After receiving his commission as a second lieutenant in 1982, Townsend served as platoon leader, executive officer and assistant plans, operations, and training officer (assistant S3) in 2nd Battalion (Airborne), 505th Infantry, 82nd Airborne Division. He participated in Operation Urgent Fury in Grenada. He was transferred to the 7th Infantry Division (Light) at Fort Ord as the 4th Battalion, 21st Infantry S3. He became commander of the battalion's Company A. After being transferred to Fort Benning, Townsend became S3 (Air) and assistant S3 at 75th Ranger Regiment headquarters. He participated in Operation Just Cause in Panama and later became commander of Company C, 3d Battalion, 75th Ranger Regiment.
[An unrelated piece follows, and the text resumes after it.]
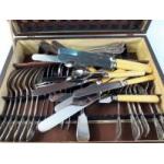 A useful wooden cutlery canteen with a good selection of plated flatware.

Townsend graduated from the Command and General Staff College and returned to Fort Benning, where he was Senior Liaison Office for the 75th Ranger Regiment headquarters and the S3 of the 3d Battalion, 75th Ranger Regiment. He participated in Operation Uphold Democracy in Haiti. Townsend was transferred to United States Pacific Command in Hawaii as J-5 Action Officer. He later became Special Assistant to the Combatant Commander. Townsend was sent to Fort Drum in New York, becoming S3 of the 2d Brigade, 78th Division (Training Support) in 1999. In 2000, he became commander of the 4th Battalion, 31st Infantry in the 10th Mountain Division (Light). Townsend became commander of Task Force Polar Bear, deployed to Afghanistan during Operation Anaconda in 2002. Townsend graduated from the United States Army War College and became Division G3 of the 10th Mountain Division (Light) in 2003. From 2004, he was Director of Operations, C/J3 for Combined Joint Task Force 180 during Operation Enduring Freedom in Afghanistan.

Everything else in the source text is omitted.